1. Euclid's prime algorithm: Start with a list of known primes q₁,...,q_k, and factor the number a = q₁...q_k + 1. The factors are new primes, not previously on our list. If we add them to the list, we can repeat the process and get more and more new primes. Since this algorithm never gets stuck, it will produce an infinite list of primes.
   1. Generate 10 primes by Euclid's method, starting with q₁ = 2. Does this method seem to generate all primes? Hint: Wolfram Alpha will factor integers.
   2. Hand In Mon 9/10: Prove that the above algorithm never gets stuck: it always produces new primes not on the previousl list q₁,...,q_k.
2. Eratosthenes' method for generating all primes up to n: Make a table of numbers 2,...,n. Circle the first number 2 (a prime) and cross out all multiples 4,6,8,..., which cannot be primes. Circle the next number not crossed out, which is 3 (the next prime) and cross out all multiples 6,9,12,.... Continue until all numbers are circled or crossed out. In fact, you only need to continue up to √n; after that, there are no more numbers to cross out. (Why?)
3. Extra Credit: Formulas for primes. Is it possible to give a formula f(n) whose values are prime for all n = 0,1,2,...? Or even for infinitely many n?
   1. Prove or disprove: the formula f(n) = n² + n + 41 gives a prime for every n = 0,1,2,.....
   2. Is there any polynomial formula   f(n) = a_kn^k + a_k−1n^k−1 + ... + a₁n + a₀   which outputs only prime values for n = 0,1,2,...? What about a linear combination of exponentials? Explore!
   3. Prove: If 2^k + 1 is prime for a positive integer k > 0, then k = 2ⁿ for some integer n ≥ 0.
   4. Define the Fermat numbers F(n) = 2²ⁿ + 1, so that F(0) = 2¹ + 1 = 3, F(1) = 2² + 1 = 5, F(2) = 2⁴ + 1 = 17, etc. Find the first value of F(n) which is not prime.
   5. Prove that: F(n) = F(0)F(1)F(2)...F(n−1) + 2; and gcd(F(n),F(m)) = 1 for n ≠ m. Conclude that factors of Fermat numbers give infinitely many primes.

1a. See W|A.

2. There are 25 primes less than 100: 2, 3, 5, 7, 11, 13, 17, 19, 23, 29, 31, 37, 41, 43, 47, 53, 59, 61, 67, 71. A nice picture shows prime factors by colors around each number.

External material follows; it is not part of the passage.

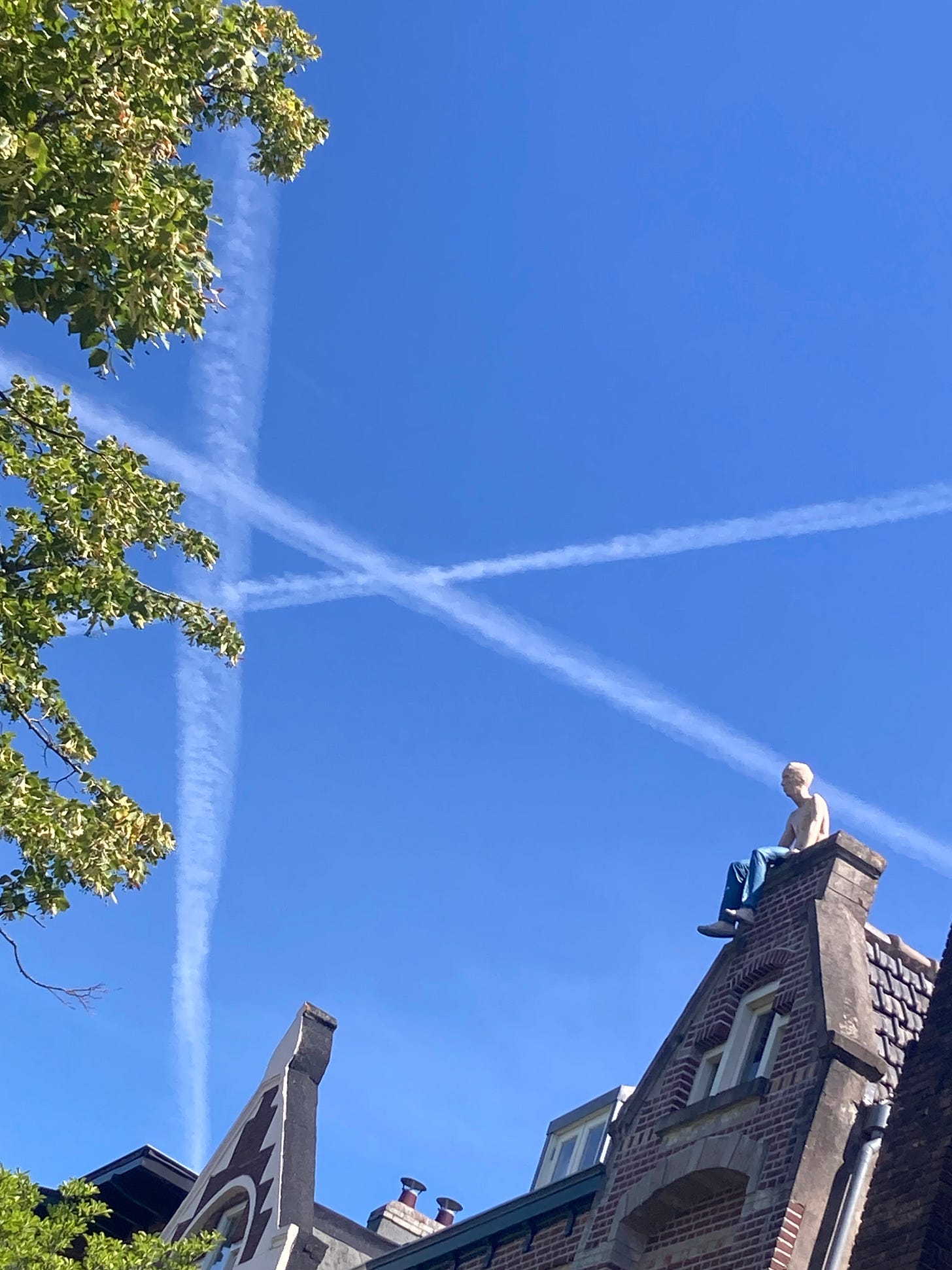 And so, this is how I found myself walking down a block last week watching an airplane skyline a pattern into the sky, compelling me to look up at a house I pass every single day, to notice a statue that I had been overlooking (or maybe it had just been installed?) was peeking there from atop the roof.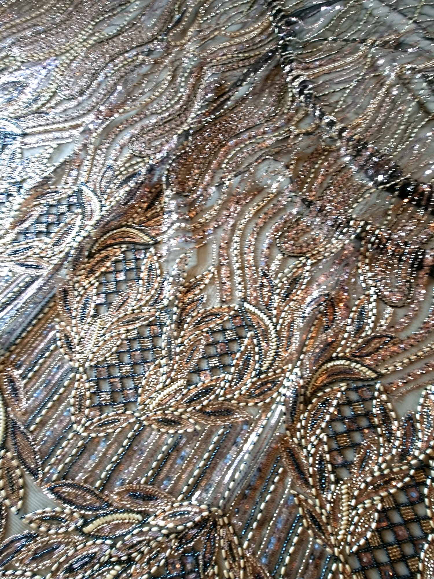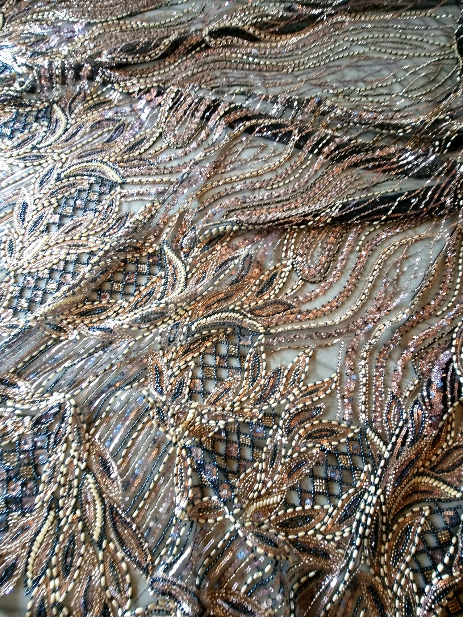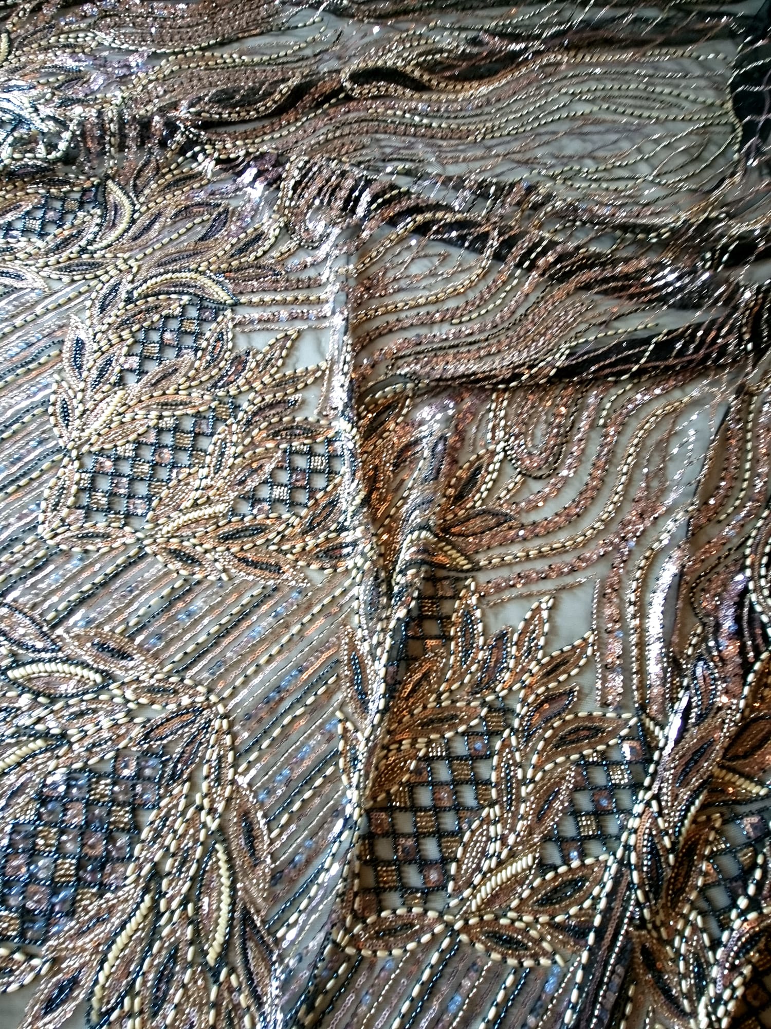 Tesatura cu broderie bogată cu mărgele si paiete pe suport de tulle, Negru / Cupru / Auriu

• Proposition: For any integer n > 0, the square root √n is either a whole number (√n ∈ Z; n is a perfect square); or √n is irrational (√n ∉ Q; √n is not any fraction ^a⁄_b).
  Proof: Suppose we have √n = ^a⁄_b, so that nb² = a². Denote the prime factorizations as follows: a = 2^r₁ 3^r₂ 5^r₃ ··· p_k^r_k,     b = 2^s₁ 3^s₂ 5^s₃ ··· p_k^s_k,     n = 2^t₁ 3^t₂ 5^t₃ ··· p_k^t_k. Writing both sides of nb² = a² in terms of prime factors: (2^t₁ 3^t₂ 5^t₃ ··· p_k^t_k) (2^s₁ 3^s₂ 5^s₃ ··· p_k^s_k)²   =   (2^r₁ 3^r₂ 5^r₃ ··· p_k^r_k)². Since prime factorization is unique, we can equate the exponents on the two sides: t₁ + 2s₁ = 2r₁ , . . . , t_k + 2s_k = 2r_k . Thus, for each prime, we have: t_i = 2(r_i − s_i) = 2u_i : that is, the exponent t_i = 2u_i is even, meaning each prime divides n an even number of times. But this means: n  =  2^2u₁ 3^2u₂ 5^2u₃ ··· p_k^2u_k  =  (2^u₁ 3^u₂ 5^u₃ ··· p_k^u_k)²  =  m² for an integer m. That is, n = m², meaning n is a perfect square (such as n = 1,4,9,16,...), and √n = m is a whole number.
  Our argument shows that this is the only way a square root can be a fraction. For any non-perfect-square n (such as n = 2,3,5,6,7,8,10,...), one of the equations t_i + 2s_i = 2r_i will have an odd number one side and an even on the other, which is impossible. Thus, n cannot have a rational square root, and √n is irrational. Q.E.D.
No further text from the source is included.